* _What you will do_:
Leave the pictures behind and reproduce every line of the listing exactly.

* _Information provided_:
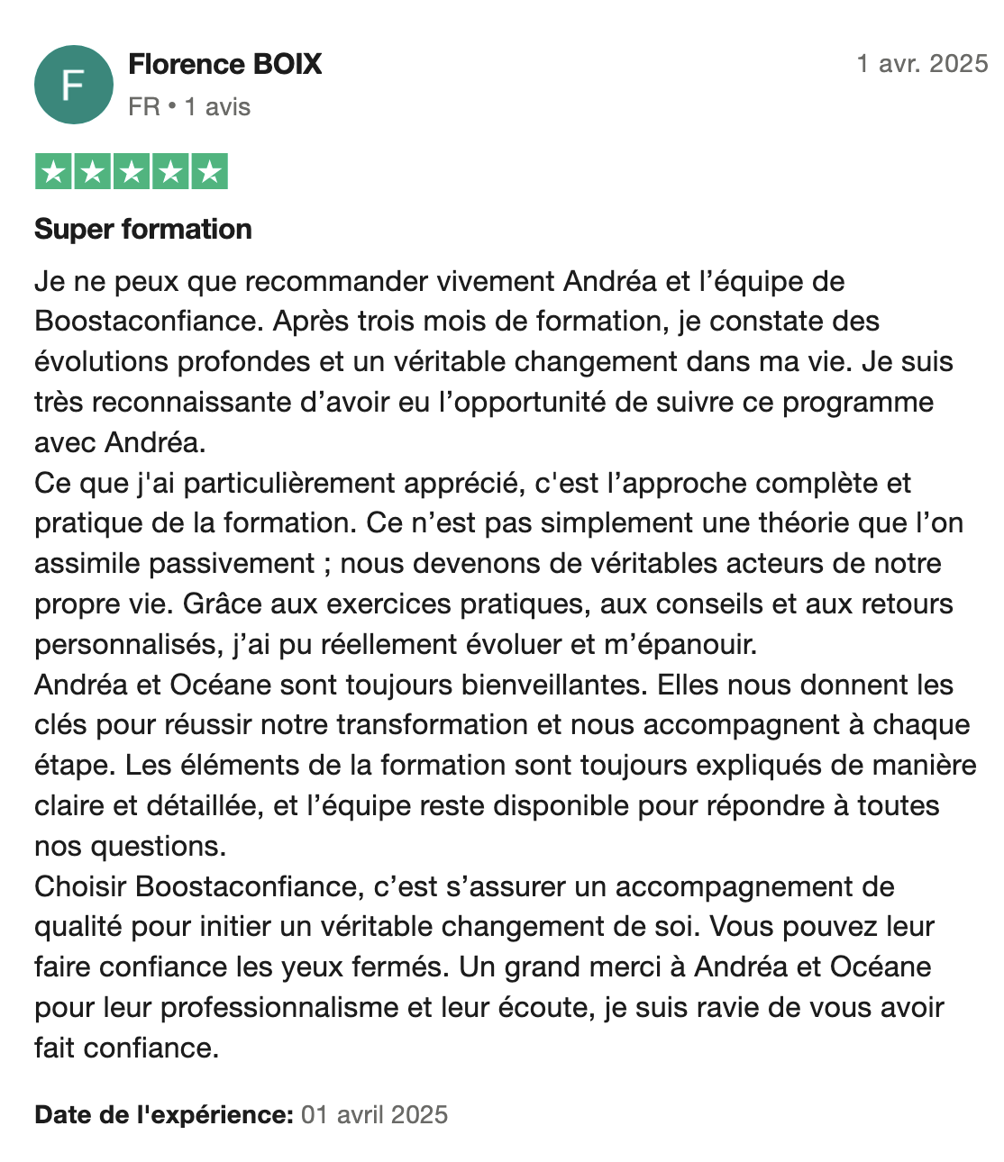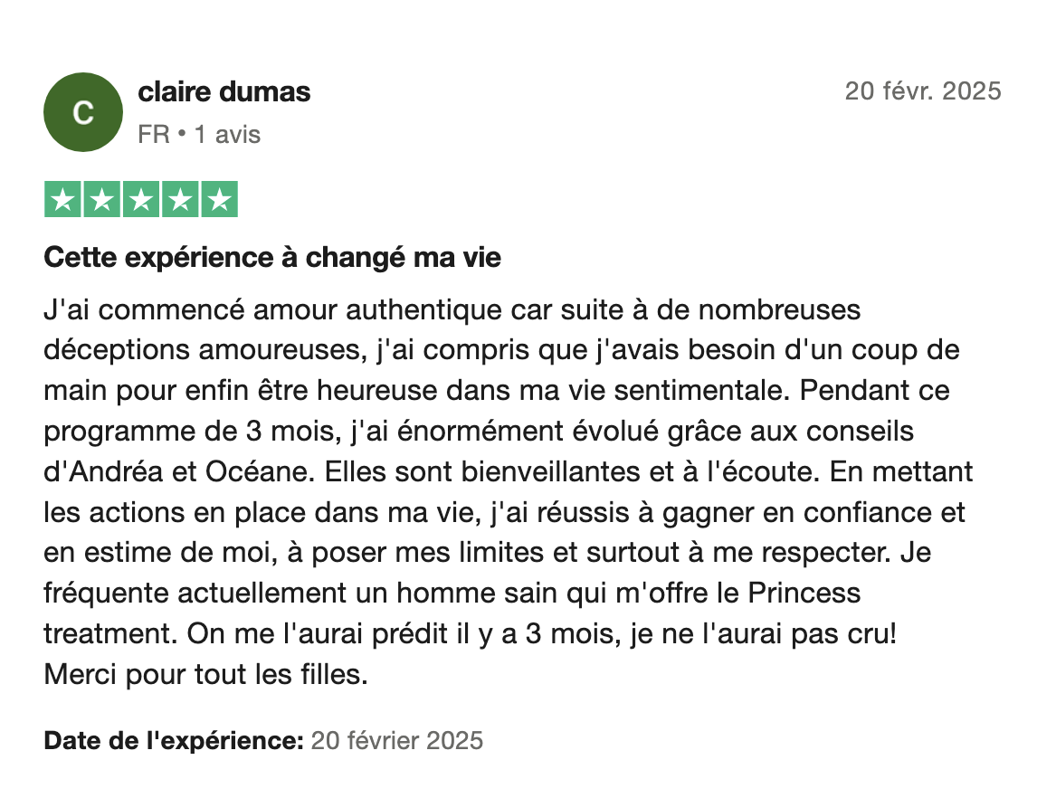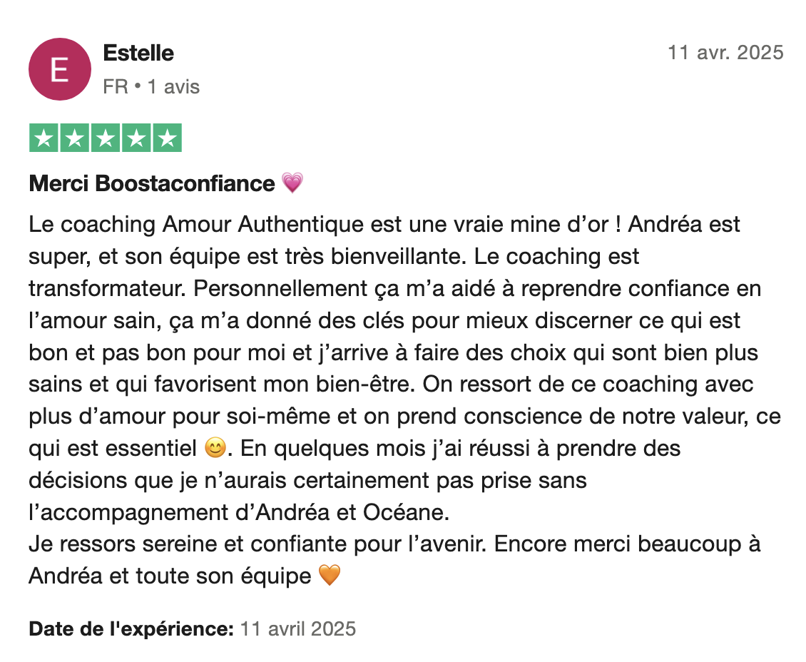 Aujourd'hui, elle a accompagné +1000 femmes à guérir leurs schémas, rompre le cycle de l'auto sabotage et à attirer une relation durable, sans se perdre.
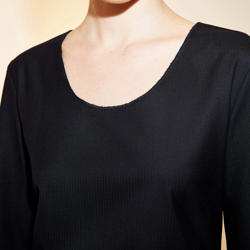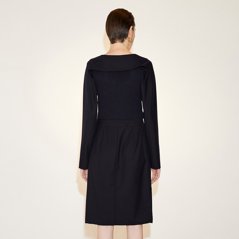 LESS春秋设计感小黑裙女赫本风拼接宽松圆领修身连衣裙2N2G11790
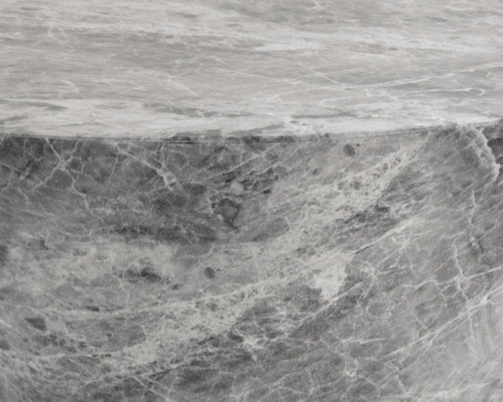 A tapered design on this round concrete end table creates a bold but defined look. Made with a grey marble look finish.

* _Output below_:
 Aujourd'hui, elle a accompagné +1000 femmes à guérir leurs schémas, rompre le cycle de l'auto sabotage et à attirer une relation durable, sans se perdre.
 LESS春秋设计感小黑裙女赫本风拼接宽松圆领修身连衣裙2N2G11790
 A tapered design on this round concrete end table creates a bold but defined look. Made with a grey marble look finish.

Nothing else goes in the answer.